The problem is that with the new setup, you are doing the flaw that Buri mentioned, i.e. adapting the body to the violin. Then, as most violinist, you are probably doing the great evil of not only raising your shoulder, but bringing it inside to meet the violin, instead of leaving the shoulder open. If you are feeling pain, I am sure it is on the muscle between neck and shoulder, and in your back right below the shoulder bone. The Bon Musica is not any better as it probably constricts movements the way Buri expalained and putting strain on the muscles by constricting them. My students sometimes have that problem. The answer. Go back to what you were doing before the pain started. Pain is a warning sign from the body that you have begun doing something dramatically wrong. But, really, I have solved many issues like this with my student. The shoulder should be unraised and out. Watch out for that. And like Buri said, bring the violin to you, not you to the violin.

I have no opinion on the use/nonuse of shoulder rests; that is an individual matter. But, I am against the very common misuse of the shoulder rest, which can indeed create huge pain.

The advice from Bill is good. Talk to your teacher about this and see what comes up.



March 31, 2005 at 07:04 PM · Buri, your jaw insight is great. I remember thinking about this a couple years ago, thinking about how even though our jaw muscles are supposedly voluntary, it is almost impossible to relax them at will. Just like a free neck, a free jaw could probably do wonders for relieving tension all over the upper body.

April 1, 2005 at 07:24 AM · I have switched back to the Kun and playing is much better. However, I'm not so sure my posture is correct as of now. I'm really short (5 foot 1/2 inch) and my teacher says it's not good for short people to hold their violins out so far to the left. This positioning is also quite detrimental to my bow arm because, as my arms are also quite short), I find that I am frequently now NOT bowing parallel to the bridge because the violin is out so far to the left.

I think the let the violin adjust to you (and not vice versa) is great advice. Thanks, everybody! The problem is I'm not sure how to let my violin adjust to me. If I just stick my violin on my shoulder, my neck has to go down so I can hold my violin. Maybe I should make my shoulder rest higher, but I have discovered that when I do this, I feel more strain in my neck.

I've talked to this with my teacher and she also suggests that my hips be higher than my knees when playing sitting down. This situation is quite confusing. I'm glad that thte pain has somewhat subsided however. :)

April 1, 2005 at 11:32 AM · Hi,

Julie, thanks for your post. About the height thing, I don't know...

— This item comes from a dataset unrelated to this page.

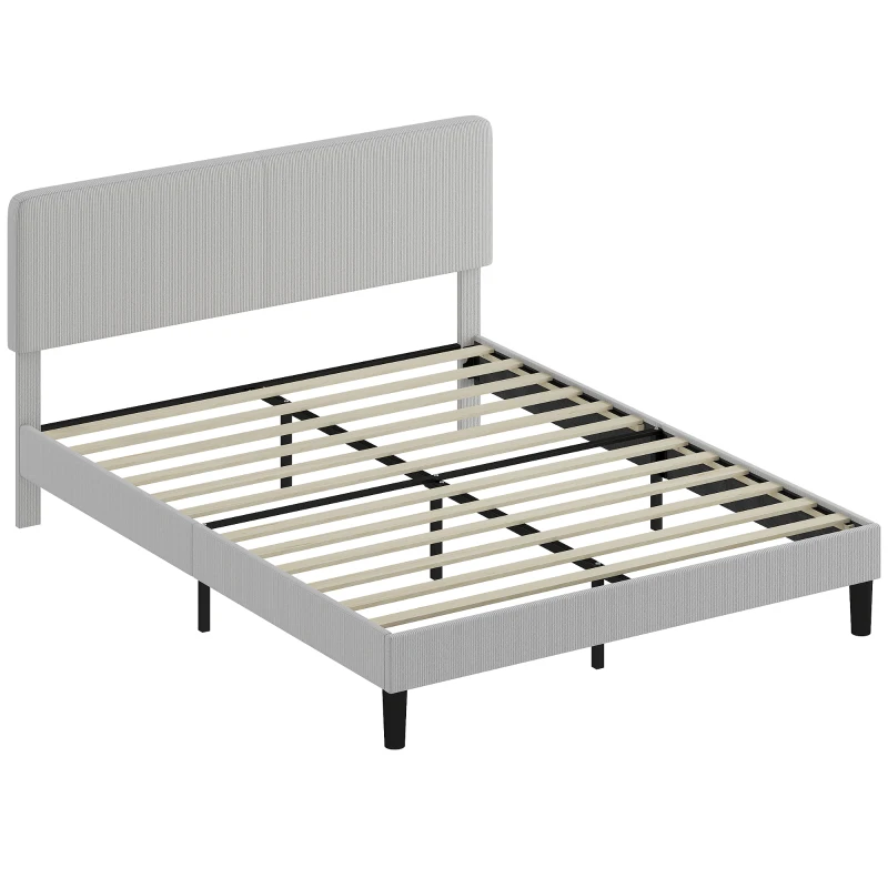 HOMCOM Somier 160x200 cm con Cabecero Ajustable Tapizado en Pana Láminas de Madera Fácil de Montar Gris Claro

However, from the description, it sounds more like you need a different chinrest than a higher shoulder rest. Although the shoulder rest can be a helpful tool, the most fundamental thing is the chinrest. And from your description, it sounds like yours is too low. Maybe you should talk to your teacher about this too, and go and try some out? Just a thought...

Glad that the pain is getting better. That is at least a good sign.


April 2, 2005 at 03:02 PM · Hi Julie, I agree with the previous post about the chin rest..could be that your body has changed shape., and your neck is longer now. this happened to me at 22 yrs old.

April 3, 2005 at 06:09 AM · Actually, my neck is sort of short. Maybe it is the chin rest. I remember there was a thread on chin rests saying that Flesch chin rests were better for short people. I should probably go check one out.